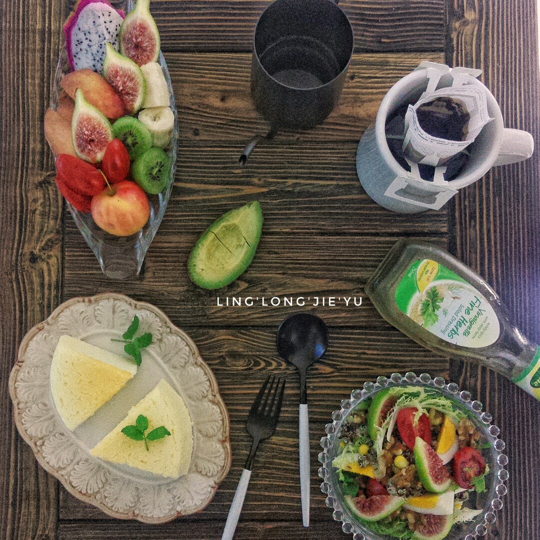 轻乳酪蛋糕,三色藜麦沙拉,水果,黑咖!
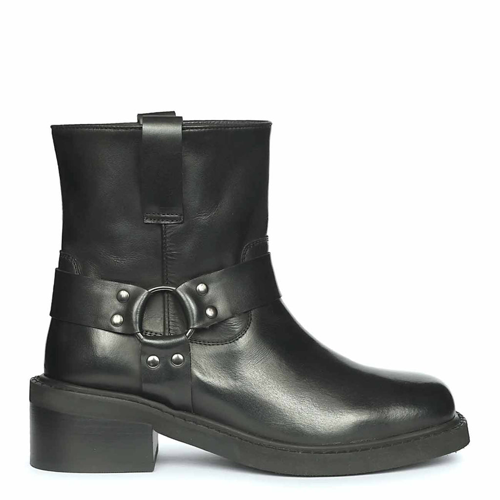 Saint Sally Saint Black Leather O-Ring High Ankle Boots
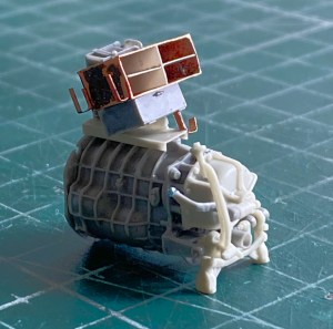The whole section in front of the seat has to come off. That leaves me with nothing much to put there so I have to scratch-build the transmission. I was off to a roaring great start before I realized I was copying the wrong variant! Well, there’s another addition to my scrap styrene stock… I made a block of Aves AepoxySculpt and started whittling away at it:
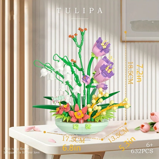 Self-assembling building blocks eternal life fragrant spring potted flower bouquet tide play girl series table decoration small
* * * * * * * * *
**TASK ITEM**: Would you repeat the material above exactly, line for line, from its first line to the line with "Saint Sally Saint", including both and skipping every picture?

**ANSWER TO THE EXERCISE**:
 轻乳酪蛋糕,三色藜麦沙拉,水果,黑咖!
 Saint Sally Saint Black Leather O-Ring High Ankle Boots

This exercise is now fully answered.